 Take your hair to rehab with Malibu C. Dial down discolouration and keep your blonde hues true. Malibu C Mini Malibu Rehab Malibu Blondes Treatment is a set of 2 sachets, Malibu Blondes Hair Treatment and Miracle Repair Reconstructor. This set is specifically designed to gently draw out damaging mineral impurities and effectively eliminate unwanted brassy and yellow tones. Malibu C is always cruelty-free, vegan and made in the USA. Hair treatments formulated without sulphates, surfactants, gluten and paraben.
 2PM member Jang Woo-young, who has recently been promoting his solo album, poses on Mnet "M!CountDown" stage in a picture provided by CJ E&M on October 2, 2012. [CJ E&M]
* * *
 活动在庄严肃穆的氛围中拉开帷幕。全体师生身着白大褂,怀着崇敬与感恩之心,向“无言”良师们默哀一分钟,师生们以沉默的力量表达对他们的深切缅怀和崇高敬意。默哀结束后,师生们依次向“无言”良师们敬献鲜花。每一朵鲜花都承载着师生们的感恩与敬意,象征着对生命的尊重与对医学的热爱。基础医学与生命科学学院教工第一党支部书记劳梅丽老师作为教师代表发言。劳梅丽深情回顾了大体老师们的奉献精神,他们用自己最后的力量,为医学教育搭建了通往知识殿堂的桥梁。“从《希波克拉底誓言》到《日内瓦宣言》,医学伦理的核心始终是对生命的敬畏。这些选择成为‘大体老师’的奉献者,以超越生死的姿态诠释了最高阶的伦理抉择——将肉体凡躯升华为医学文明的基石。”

- _What the task requires_
In the listing above, find the line with "Take your hair" and the line with "2PM member Jang"; output exactly those lines and all lines between them.

- _Your solution_
 Take your hair to rehab with Malibu C. Dial down discolouration and keep your blonde hues true. Malibu C Mini Malibu Rehab Malibu Blondes Treatment is a set of 2 sachets, Malibu Blondes Hair Treatment and Miracle Repair Reconstructor. This set is specifically designed to gently draw out damaging mineral impurities and effectively eliminate unwanted brassy and yellow tones. Malibu C is always cruelty-free, vegan and made in the USA. Hair treatments formulated without sulphates, surfactants, gluten and paraben.
 2PM member Jang Woo-young, who has recently been promoting his solo album, poses on Mnet "M!CountDown" stage in a picture provided by CJ E&M on October 2, 2012. [CJ E&M]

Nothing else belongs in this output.